What's missing is tools that can add this awareness and functionality to our existing tools and data, not a seamless, closed environment. We need to be able to track our e-mails and bring outsiders into the stream. The ideal tool doesn't simply let you synch calendars and share work; it tracks commitments, requests, fulfillment of requests--in a word, work transactions.

The closest thing to all this is the suite of "activity management" tools from IBM (nee Lotus), which are--surprise!--becoming increasingly open. But the really interesting development is the availability of this kind of functionality at retail... just as Google et al. made the Web-as-library universally available (and affordable).

Putting these kinds of capabilities online does not just let users collaborate. In the long run, it will be another important step towards what the Internet does in so many places--empower the little guy, and in this case, empower lots of little guys working on their own or for little-guy companies to collaborate effectively with other little guys.
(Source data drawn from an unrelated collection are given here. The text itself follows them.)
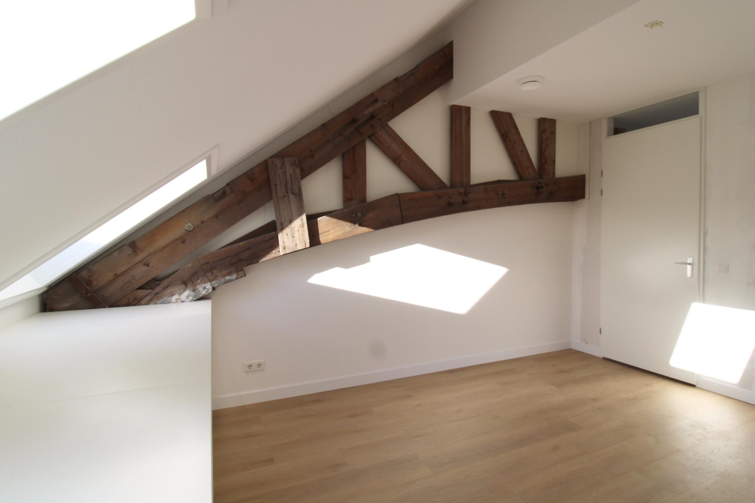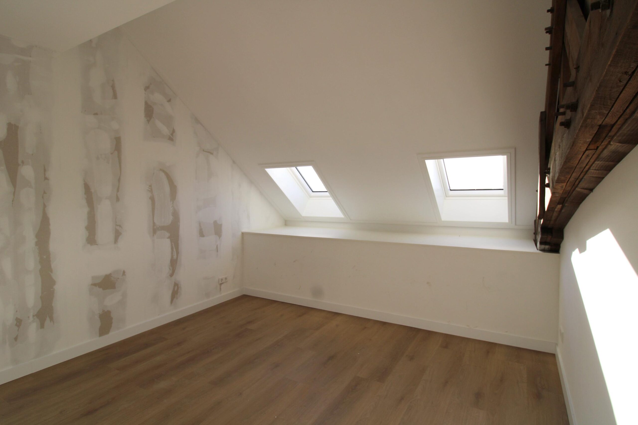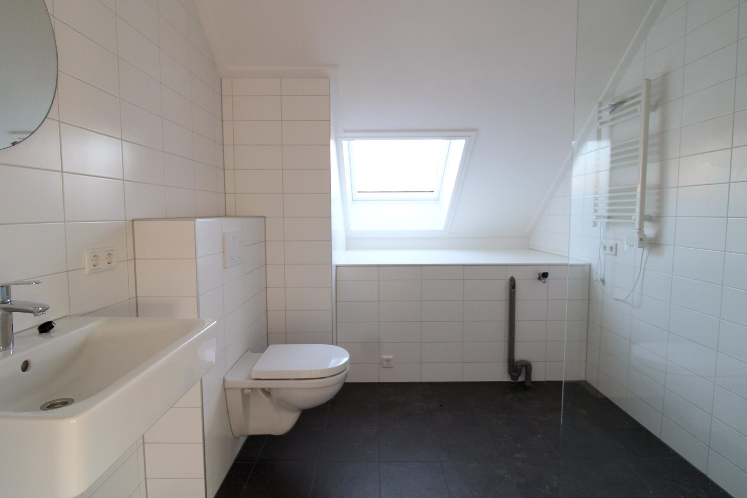 Royale overloop met ruimte voor een werkplek (hier bevindt zich tevens de vlizotrap naar de zolder), de ruime slaapkamer, voorzien van 2 dakramen, complete badkamer met douchehoek, wastafel, toilet en de opstelplaats voor de wasmachine.
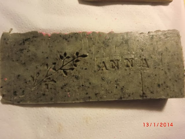 Además que me ha servido para hacer unas pruebas ya que llevaba meses sin jabonear y no podía poner en práctica... aunque los dibujos se ven mejor en jabones claros y lisos, podréis comprobar que a pesar de lo jaspeado de éste se ven todos perfectamente.
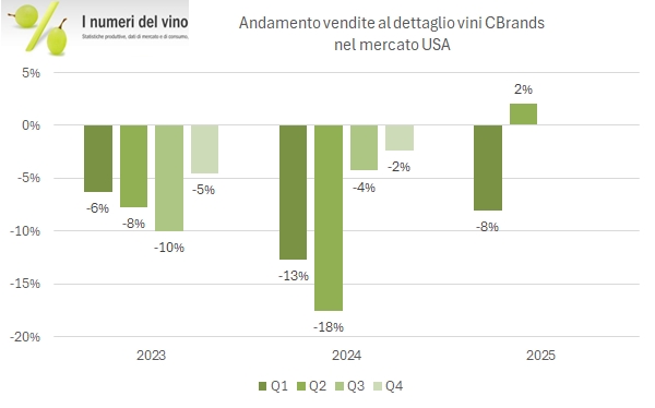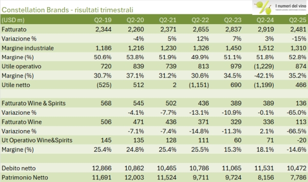 La prova che la divisione vino di Constellation Brands si sta sciogliendo come neve al sole è nei dati del secondo trimestre 2025, il primo che esclude completamente i marchi venduti, dove si può vedere facilmente come le vendite in valore siano calate del 65% con un calo del 19% del fatturato “rimanente”. Nella divisione vino, l’azienda sia passata da 71 milioni di utile operativo (secondo trimestre 2024) a 20 milioni di perdita (secondo trimestre 2025). Ma le cattive notizie per Constellation Brands non sono state queste negli ultimi mesi. Lo è stato piuttosto il “profit warning” emesso in settembre con un taglio dell’utile per azione previsto del 10%, che badate bene non è dovuto al vino (le cui indicazioni erano già drammatiche). Così il valore delle azioni ha perso il 35% da inizio anno, comprendendo anche un leggero rimbalzo proprio nella settimana dei risultati.
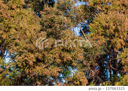 春の花粉の季節の杉の花芽の様子

Itensil has a workflow tool that I saw just glimpse of. It's heading in the right direction, but it doesn't yet integrate well enough with users' existing software.  Other candidates include Zoho, which includes some project-management tools in an extensive suite, and Near-Time, which has roles and permissions but not (as far as I can tell) full-fledged activity transactions.

If there's something out there that I am missing, please let me know...and let me know if I can share!